Although examples of routes of administration and dosages are provided, the appropriate route of administration and dosage are generally determined on a case-by-case basis by the attending physician, as known in the botulinum toxin arts, and titration of the dosage to a therapeutically effective one, for a particular patient/condition, is routinely undertaken. Such determinations are routine to one of ordinary skill in the art (see for example, Harrison's Principles of Internal Medicine (1998), edited by Anthony Fauci et al., 14th edition, published by McGraw Hill). For example, the route and dosage for administration of a Clostridial neurotoxin according to the present disclosed invention can be selected based upon criteria such as the solubility characteristics of the neurotoxin chosen as well as the intensity and scope of the ear condition to be treated.

Additionally, in some embodiments, a physician may have to alter dosage in each case (i.e. patient) in accordance with the assessment of the severity of the condition, as typically done when treating patients with a condition/disorder. Further, in some embodiments, the treatment may have to be repeated at least one additional time, in some cases several times, depending on the severity of the condition and the patient's overall health. If, for example, a patient is not deemed physically suitable for a full administration of botulinum toxin, or if a full administration is not desired for any reason, smaller doses on multiple occasions may prove to be efficacious. Further still, if botulinum toxin is administered at a certain dosage that is not sufficient to attain the desired treatment goal, such as reduction in an amount of ear wax produced over a particular time period, the dose may be increased for a second and subsequent administration session(s) by the attending physical as he/she sees fit.

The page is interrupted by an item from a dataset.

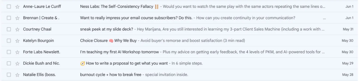- Experiment with subject line formulas. For example, Ness Labs’ newsletter always has its name in the subject line, as does the Why We Buy newsletter. Newsletters from Natalie Ellis and Bossbabe are always in lowercase and those from Dickie Bush and Ship 30 for 30 start with a compass emoji.

It is understood that cerumen can be a natural defense the body has to protect the eardrum. As such, a therapeutically effective amount of a botulinum toxin used to reduce the secretion of cerumen can be an amount which is less than that needed to completely eliminate cerumen secretion. In particular embodiments, eliminating secretion of cerumen may in fact be efficacious, such as in patients wearing hearing aids wherein the hearing aids act as a dam to natural cerumen removal. A skilled physician can easily determine the dose of botulinum toxin required to attain a desired outcome, and as such, treats patients on a case-by-case basis using the general guidelines taught herein.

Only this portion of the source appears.